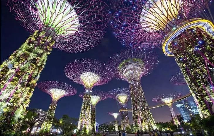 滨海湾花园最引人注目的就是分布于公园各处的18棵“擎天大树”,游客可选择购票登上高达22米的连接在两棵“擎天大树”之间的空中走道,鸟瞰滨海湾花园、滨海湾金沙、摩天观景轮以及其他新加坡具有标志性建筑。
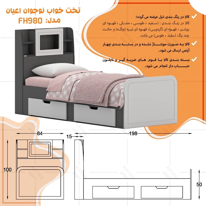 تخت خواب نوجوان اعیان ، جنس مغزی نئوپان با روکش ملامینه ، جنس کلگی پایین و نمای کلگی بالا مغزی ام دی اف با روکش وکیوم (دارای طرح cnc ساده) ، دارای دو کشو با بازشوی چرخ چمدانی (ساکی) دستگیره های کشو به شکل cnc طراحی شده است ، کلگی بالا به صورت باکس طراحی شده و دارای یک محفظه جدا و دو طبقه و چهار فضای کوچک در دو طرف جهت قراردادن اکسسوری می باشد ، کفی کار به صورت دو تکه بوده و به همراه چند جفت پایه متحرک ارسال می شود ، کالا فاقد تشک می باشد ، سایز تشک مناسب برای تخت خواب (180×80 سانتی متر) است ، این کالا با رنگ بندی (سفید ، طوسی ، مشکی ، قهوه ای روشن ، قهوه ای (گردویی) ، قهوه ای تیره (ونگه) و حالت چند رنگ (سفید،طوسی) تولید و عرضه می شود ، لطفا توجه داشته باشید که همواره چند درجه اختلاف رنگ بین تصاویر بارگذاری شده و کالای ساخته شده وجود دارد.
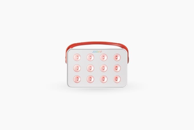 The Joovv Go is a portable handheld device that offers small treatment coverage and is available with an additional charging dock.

..............................

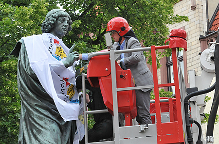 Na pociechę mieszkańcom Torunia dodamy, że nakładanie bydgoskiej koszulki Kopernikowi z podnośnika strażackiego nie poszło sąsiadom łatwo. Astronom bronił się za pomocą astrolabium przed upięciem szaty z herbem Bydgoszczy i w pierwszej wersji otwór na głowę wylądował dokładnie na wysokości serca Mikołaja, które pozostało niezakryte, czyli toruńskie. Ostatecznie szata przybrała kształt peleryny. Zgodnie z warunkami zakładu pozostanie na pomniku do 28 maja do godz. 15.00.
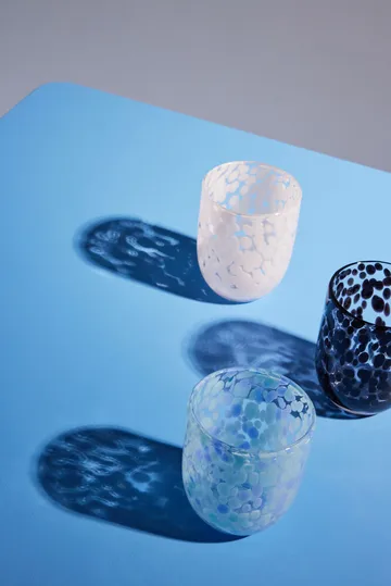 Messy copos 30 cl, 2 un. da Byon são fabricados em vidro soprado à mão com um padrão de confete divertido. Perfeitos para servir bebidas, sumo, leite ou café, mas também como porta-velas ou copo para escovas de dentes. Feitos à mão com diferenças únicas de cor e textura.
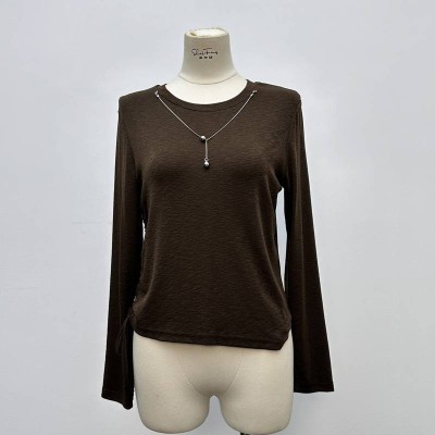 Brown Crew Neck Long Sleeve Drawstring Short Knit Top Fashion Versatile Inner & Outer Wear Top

..............................

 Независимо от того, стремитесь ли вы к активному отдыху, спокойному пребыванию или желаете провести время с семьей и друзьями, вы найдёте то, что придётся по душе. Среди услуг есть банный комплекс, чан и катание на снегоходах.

..............................

- [WHAT THE TASK ASKS]:
Without the pictures, give again exactly the lines above starting at the line containing "滨海湾花园最引人注目的就是分" and ending at the line containing "The Joovv Go".

- [SOLUTION FOR THIS TASK]:
 滨海湾花园最引人注目的就是分布于公园各处的18棵“擎天大树”,游客可选择购票登上高达22米的连接在两棵“擎天大树”之间的空中走道,鸟瞰滨海湾花园、滨海湾金沙、摩天观景轮以及其他新加坡具有标志性建筑。
 تخت خواب نوجوان اعیان ، جنس مغزی نئوپان با روکش ملامینه ، جنس کلگی پایین و نمای کلگی بالا مغزی ام دی اف با روکش وکیوم (دارای طرح cnc ساده) ، دارای دو کشو با بازشوی چرخ چمدانی (ساکی) دستگیره های کشو به شکل cnc طراحی شده است ، کلگی بالا به صورت باکس طراحی شده و دارای یک محفظه جدا و دو طبقه و چهار فضای کوچک در دو طرف جهت قراردادن اکسسوری می باشد ، کفی کار به صورت دو تکه بوده و به همراه چند جفت پایه متحرک ارسال می شود ، کالا فاقد تشک می باشد ، سایز تشک مناسب برای تخت خواب (180×80 سانتی متر) است ، این کالا با رنگ بندی (سفید ، طوسی ، مشکی ، قهوه ای روشن ، قهوه ای (گردویی) ، قهوه ای تیره (ونگه) و حالت چند رنگ (سفید،طوسی) تولید و عرضه می شود ، لطفا توجه داشته باشید که همواره چند درجه اختلاف رنگ بین تصاویر بارگذاری شده و کالای ساخته شده وجود دارد.
 The Joovv Go is a portable handheld device that offers small treatment coverage and is available with an additional charging dock.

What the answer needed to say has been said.